The task –
No pictures belong in the copy. Retype exactly, and only, the stretch of lines below from the one with "靴紐 結ばない ゴム ほどけない" through the one with "Sus 30 watts".

Data for this task –
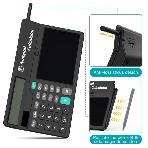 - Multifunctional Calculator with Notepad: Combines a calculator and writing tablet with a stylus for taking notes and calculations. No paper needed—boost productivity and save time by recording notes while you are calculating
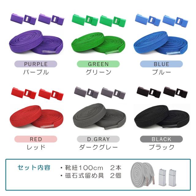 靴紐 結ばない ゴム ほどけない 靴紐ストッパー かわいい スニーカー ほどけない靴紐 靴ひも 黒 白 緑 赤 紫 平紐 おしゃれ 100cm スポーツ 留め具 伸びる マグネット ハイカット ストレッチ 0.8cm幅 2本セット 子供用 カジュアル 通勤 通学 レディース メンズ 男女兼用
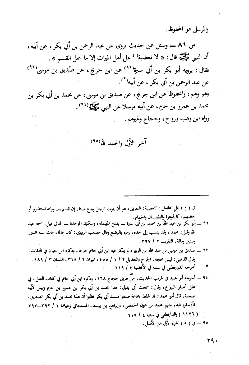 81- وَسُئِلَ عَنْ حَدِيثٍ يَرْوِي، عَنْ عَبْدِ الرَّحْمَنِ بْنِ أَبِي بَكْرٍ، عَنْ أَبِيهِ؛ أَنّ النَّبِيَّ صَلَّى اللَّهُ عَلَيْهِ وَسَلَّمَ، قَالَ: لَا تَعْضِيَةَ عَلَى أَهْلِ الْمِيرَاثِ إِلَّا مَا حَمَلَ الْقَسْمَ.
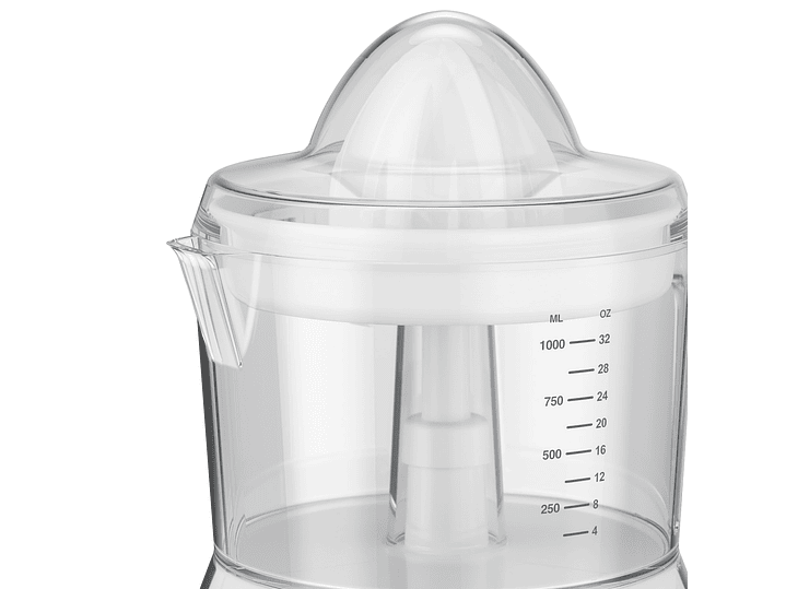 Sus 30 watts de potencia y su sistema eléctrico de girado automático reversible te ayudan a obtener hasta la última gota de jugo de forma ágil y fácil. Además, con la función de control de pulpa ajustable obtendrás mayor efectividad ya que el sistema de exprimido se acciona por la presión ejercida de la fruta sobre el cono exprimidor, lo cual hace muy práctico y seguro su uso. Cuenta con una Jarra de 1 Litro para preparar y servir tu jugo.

--

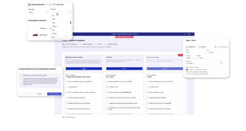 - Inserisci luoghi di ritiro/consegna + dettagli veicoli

Answer for this exercise –
 靴紐 結ばない ゴム ほどけない 靴紐ストッパー かわいい スニーカー ほどけない靴紐 靴ひも 黒 白 緑 赤 紫 平紐 おしゃれ 100cm スポーツ 留め具 伸びる マグネット ハイカット ストレッチ 0.8cm幅 2本セット 子供用 カジュアル 通勤 通学 レディース メンズ 男女兼用
 81- وَسُئِلَ عَنْ حَدِيثٍ يَرْوِي، عَنْ عَبْدِ الرَّحْمَنِ بْنِ أَبِي بَكْرٍ، عَنْ أَبِيهِ؛ أَنّ النَّبِيَّ صَلَّى اللَّهُ عَلَيْهِ وَسَلَّمَ، قَالَ: لَا تَعْضِيَةَ عَلَى أَهْلِ الْمِيرَاثِ إِلَّا مَا حَمَلَ الْقَسْمَ.
 Sus 30 watts de potencia y su sistema eléctrico de girado automático reversible te ayudan a obtener hasta la última gota de jugo de forma ágil y fácil. Además, con la función de control de pulpa ajustable obtendrás mayor efectividad ya que el sistema de exprimido se acciona por la presión ejercida de la fruta sobre el cono exprimidor, lo cual hace muy práctico y seguro su uso. Cuenta con una Jarra de 1 Litro para preparar y servir tu jugo.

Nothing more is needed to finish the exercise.